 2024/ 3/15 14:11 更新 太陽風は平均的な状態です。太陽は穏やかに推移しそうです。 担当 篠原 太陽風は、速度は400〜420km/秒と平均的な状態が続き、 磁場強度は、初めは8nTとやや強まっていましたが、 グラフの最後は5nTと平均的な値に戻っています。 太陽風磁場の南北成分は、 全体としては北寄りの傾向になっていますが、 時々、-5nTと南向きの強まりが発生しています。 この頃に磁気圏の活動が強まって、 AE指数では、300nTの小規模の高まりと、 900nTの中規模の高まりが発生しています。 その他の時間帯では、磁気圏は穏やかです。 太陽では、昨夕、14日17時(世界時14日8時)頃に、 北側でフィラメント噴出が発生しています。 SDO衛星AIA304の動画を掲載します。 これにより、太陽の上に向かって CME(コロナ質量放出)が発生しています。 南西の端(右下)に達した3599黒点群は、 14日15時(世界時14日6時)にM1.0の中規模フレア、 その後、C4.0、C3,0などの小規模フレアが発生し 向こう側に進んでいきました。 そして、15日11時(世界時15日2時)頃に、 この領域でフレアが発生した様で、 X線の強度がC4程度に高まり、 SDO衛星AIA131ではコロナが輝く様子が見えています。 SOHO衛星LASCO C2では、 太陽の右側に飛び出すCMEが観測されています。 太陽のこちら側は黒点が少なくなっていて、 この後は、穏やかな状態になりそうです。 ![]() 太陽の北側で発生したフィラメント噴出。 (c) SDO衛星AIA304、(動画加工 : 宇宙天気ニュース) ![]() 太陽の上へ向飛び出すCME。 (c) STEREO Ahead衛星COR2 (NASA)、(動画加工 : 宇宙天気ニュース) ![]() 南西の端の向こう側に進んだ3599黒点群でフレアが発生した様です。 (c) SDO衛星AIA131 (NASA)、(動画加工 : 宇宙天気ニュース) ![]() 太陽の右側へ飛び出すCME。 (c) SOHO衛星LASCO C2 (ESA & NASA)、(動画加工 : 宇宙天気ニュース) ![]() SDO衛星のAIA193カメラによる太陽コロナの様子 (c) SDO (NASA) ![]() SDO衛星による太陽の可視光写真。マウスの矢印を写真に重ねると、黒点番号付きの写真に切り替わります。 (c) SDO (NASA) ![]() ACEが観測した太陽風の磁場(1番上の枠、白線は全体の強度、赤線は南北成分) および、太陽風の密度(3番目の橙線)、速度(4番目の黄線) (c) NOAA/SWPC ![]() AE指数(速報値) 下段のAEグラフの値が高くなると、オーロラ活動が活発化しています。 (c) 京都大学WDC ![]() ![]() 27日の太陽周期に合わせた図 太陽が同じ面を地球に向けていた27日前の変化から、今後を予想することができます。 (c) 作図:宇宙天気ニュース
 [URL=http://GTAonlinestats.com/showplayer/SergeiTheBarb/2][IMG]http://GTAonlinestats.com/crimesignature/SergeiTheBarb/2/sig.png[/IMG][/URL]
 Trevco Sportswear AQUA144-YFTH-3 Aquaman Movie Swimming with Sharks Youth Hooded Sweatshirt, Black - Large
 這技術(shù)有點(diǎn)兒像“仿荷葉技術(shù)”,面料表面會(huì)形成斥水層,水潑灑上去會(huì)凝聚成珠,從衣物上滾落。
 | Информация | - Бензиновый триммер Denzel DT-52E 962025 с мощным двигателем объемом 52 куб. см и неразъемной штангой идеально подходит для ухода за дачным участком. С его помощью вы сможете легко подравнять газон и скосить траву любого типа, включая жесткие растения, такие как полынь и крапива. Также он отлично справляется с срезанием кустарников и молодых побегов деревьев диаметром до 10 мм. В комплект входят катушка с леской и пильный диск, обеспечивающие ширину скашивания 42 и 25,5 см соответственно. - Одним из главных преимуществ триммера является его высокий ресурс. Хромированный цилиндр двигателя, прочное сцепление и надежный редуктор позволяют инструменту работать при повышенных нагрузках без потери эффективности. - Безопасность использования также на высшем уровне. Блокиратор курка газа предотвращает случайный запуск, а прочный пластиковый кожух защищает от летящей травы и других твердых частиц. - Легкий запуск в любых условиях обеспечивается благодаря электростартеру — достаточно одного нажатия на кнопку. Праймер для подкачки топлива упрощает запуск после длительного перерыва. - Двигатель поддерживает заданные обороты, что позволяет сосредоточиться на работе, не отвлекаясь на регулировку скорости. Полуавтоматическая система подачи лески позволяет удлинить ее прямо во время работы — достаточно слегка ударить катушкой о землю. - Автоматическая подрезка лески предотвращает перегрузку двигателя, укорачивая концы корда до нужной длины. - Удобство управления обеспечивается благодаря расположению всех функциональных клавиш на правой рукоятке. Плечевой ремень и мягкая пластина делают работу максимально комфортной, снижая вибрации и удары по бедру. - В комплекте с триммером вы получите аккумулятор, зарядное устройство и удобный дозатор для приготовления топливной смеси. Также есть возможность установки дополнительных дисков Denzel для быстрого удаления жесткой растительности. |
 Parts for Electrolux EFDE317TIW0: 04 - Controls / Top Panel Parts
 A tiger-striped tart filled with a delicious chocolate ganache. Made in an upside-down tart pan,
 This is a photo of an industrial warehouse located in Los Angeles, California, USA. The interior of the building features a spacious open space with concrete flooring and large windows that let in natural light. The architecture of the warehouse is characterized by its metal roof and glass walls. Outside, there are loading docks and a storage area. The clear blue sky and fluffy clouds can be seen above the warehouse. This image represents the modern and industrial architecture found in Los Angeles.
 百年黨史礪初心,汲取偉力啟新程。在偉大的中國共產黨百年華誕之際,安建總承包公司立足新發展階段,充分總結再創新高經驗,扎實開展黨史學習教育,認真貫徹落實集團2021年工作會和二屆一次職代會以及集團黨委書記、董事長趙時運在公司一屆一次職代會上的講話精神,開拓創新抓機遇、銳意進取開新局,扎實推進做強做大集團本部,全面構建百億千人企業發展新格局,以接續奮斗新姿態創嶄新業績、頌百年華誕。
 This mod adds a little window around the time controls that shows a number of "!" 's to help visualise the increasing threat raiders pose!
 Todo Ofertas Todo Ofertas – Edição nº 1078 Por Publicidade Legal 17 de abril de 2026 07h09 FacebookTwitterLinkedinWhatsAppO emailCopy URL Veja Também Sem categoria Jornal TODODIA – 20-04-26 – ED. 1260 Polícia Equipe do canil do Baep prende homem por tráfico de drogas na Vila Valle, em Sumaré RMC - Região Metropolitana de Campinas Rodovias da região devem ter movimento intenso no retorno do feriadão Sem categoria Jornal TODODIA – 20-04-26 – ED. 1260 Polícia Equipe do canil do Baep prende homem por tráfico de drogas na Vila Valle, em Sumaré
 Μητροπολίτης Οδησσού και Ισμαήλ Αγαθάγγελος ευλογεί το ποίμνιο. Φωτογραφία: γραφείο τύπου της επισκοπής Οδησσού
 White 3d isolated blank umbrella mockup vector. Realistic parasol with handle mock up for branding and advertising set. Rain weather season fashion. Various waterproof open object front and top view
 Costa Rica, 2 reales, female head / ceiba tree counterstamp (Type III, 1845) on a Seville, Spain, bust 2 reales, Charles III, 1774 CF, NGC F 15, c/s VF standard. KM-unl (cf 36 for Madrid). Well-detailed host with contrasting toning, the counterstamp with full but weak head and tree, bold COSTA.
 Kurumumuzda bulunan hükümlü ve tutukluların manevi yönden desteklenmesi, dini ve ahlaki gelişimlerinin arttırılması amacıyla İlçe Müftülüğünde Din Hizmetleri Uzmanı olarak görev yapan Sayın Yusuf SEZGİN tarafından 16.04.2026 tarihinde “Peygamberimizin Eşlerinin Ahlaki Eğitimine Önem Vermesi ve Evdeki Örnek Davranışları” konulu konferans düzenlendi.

- - - - - - -

Retype the portion of the data above that starts on the line with "жесткой растительности. |" and finishes on the line with "Parts for Electrolux", including both of those lines.

 | Информация | - Бензиновый триммер Denzel DT-52E 962025 с мощным двигателем объемом 52 куб. см и неразъемной штангой идеально подходит для ухода за дачным участком. С его помощью вы сможете легко подравнять газон и скосить траву любого типа, включая жесткие растения, такие как полынь и крапива. Также он отлично справляется с срезанием кустарников и молодых побегов деревьев диаметром до 10 мм. В комплект входят катушка с леской и пильный диск, обеспечивающие ширину скашивания 42 и 25,5 см соответственно. - Одним из главных преимуществ триммера является его высокий ресурс. Хромированный цилиндр двигателя, прочное сцепление и надежный редуктор позволяют инструменту работать при повышенных нагрузках без потери эффективности. - Безопасность использования также на высшем уровне. Блокиратор курка газа предотвращает случайный запуск, а прочный пластиковый кожух защищает от летящей травы и других твердых частиц. - Легкий запуск в любых условиях обеспечивается благодаря электростартеру — достаточно одного нажатия на кнопку. Праймер для подкачки топлива упрощает запуск после длительного перерыва. - Двигатель поддерживает заданные обороты, что позволяет сосредоточиться на работе, не отвлекаясь на регулировку скорости. Полуавтоматическая система подачи лески позволяет удлинить ее прямо во время работы — достаточно слегка ударить катушкой о землю. - Автоматическая подрезка лески предотвращает перегрузку двигателя, укорачивая концы корда до нужной длины. - Удобство управления обеспечивается благодаря расположению всех функциональных клавиш на правой рукоятке. Плечевой ремень и мягкая пластина делают работу максимально комфортной, снижая вибрации и удары по бедру. - В комплекте с триммером вы получите аккумулятор, зарядное устройство и удобный дозатор для приготовления топливной смеси. Также есть возможность установки дополнительных дисков Denzel для быстрого удаления жесткой растительности. |
 Parts for Electrolux EFDE317TIW0: 04 - Controls / Top Panel Parts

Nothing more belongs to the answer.